Find the angle $\angle MNP$ from the circle with centre C

Question

Let us consider a circle with centre at C, and diameter MCN. Consider a point P on the circumference of the circle and join MP and NP such that MPN is a triangle with $\angle MPN =π/2$. Now consider a point A on the same semicircle, I mean on the arc MP and two points B and D on the side MP such that ABCD is a square, recall that C is the centre of the circle. Then find the $\angle MNP$.

I mean I can not find a particular value of the required angle.

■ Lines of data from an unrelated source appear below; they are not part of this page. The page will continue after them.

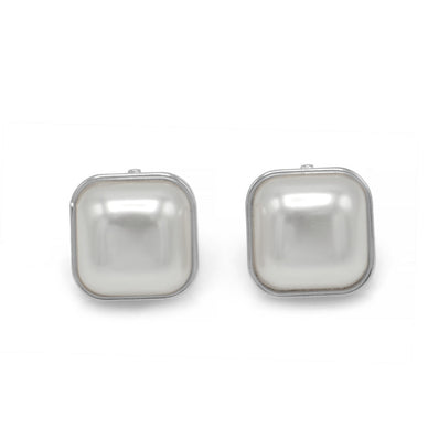 Rhodium Cream Square Pearl Clip on Earrings Their captivating design and luminous pearls will make any ensemble stand out, all in the comfort and convenience of clip on earrings.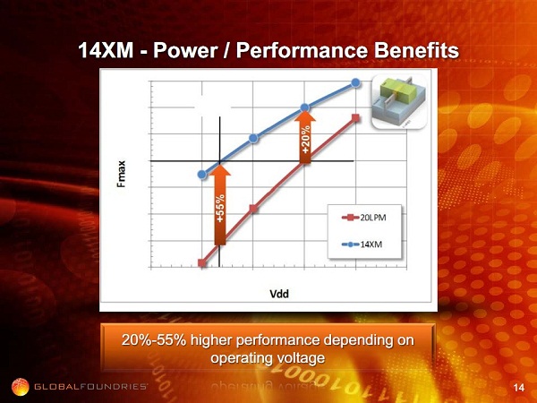 Cũng vì đặc trưng này, GF gọi tiến trình 14 nm mới của mình là 14XM (eXtreme Mobility) vì các khả năng tiết kiệm điện đáng kể của nó (vừa HKMG, vừa FinFET).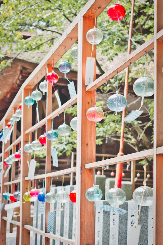 毎年6月〜9月には境内に色とりどりの風鈴が飾られ、目も耳にも涼を届けてくれます。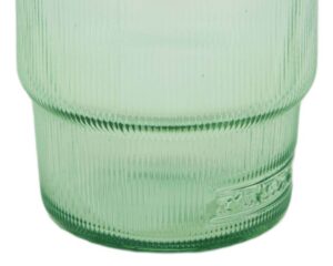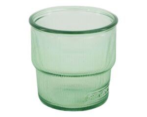 Realizzato con vetro riciclato di alta qualità, questo bicchiere non solo si distingue per la sua estetica accattivante ma contribuisce anche alla sostenibilità ambientale. La tonalità verde trasparente del vetro aggiunge un tocco di vivacità, creando un effetto visivo che cattura l’attenzione senza sforzo.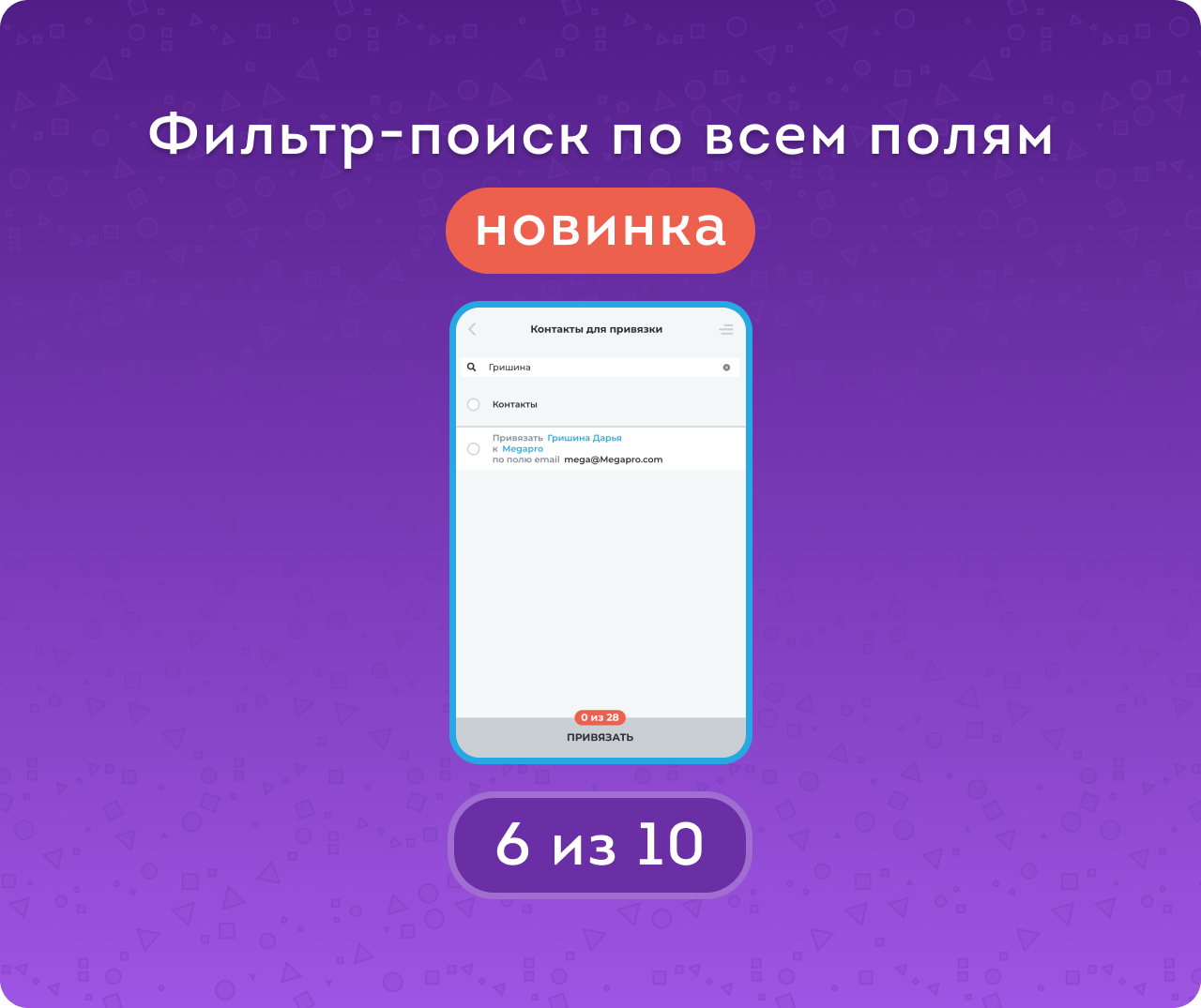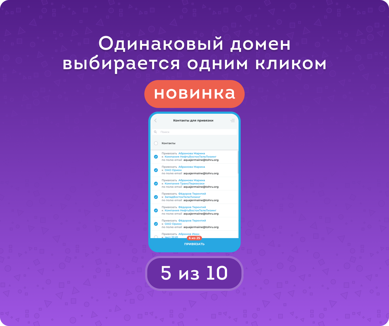 Групповой выбор одинаковых элементов (NEW) позволит одним кликом выбирать все контакты и компании с одинаковыми email и привязать их. Поиск по полям этих сущностей также упростит задачу.

If I assume radius as $r$, then somehow using triangles law I found a relation but not so close. Can you please help me to solve this question.

Thanks in advance.

Answer 1

Since $ABCD$ is a square and the diagonal $BD$ lies on the line segment $MP$, so does the midpoint of $BD$ (let's call it $O$), which is also the midpoint of $AC$.

We also have $AC\perp BD$. Hence $OC \perp MP$, and thus $MO = OP$.

Using $MC = CN$ and the midpoint theorem, we see that $OC$ is half the length of $PN$. But $OC$ is half the length of $AC$, which is the radius.

Hence $PN$ has equal length as the radius. This gives $\angle MNP = 60^\circ$.

Answer 2

Given $ABCD$ is a square, $AC \perp MP, CE = \frac{r}{2}, CE \parallel NP$

$\triangle MCE \sim \triangle MNP, PN = r$

So, $\angle MNP = 60^0$.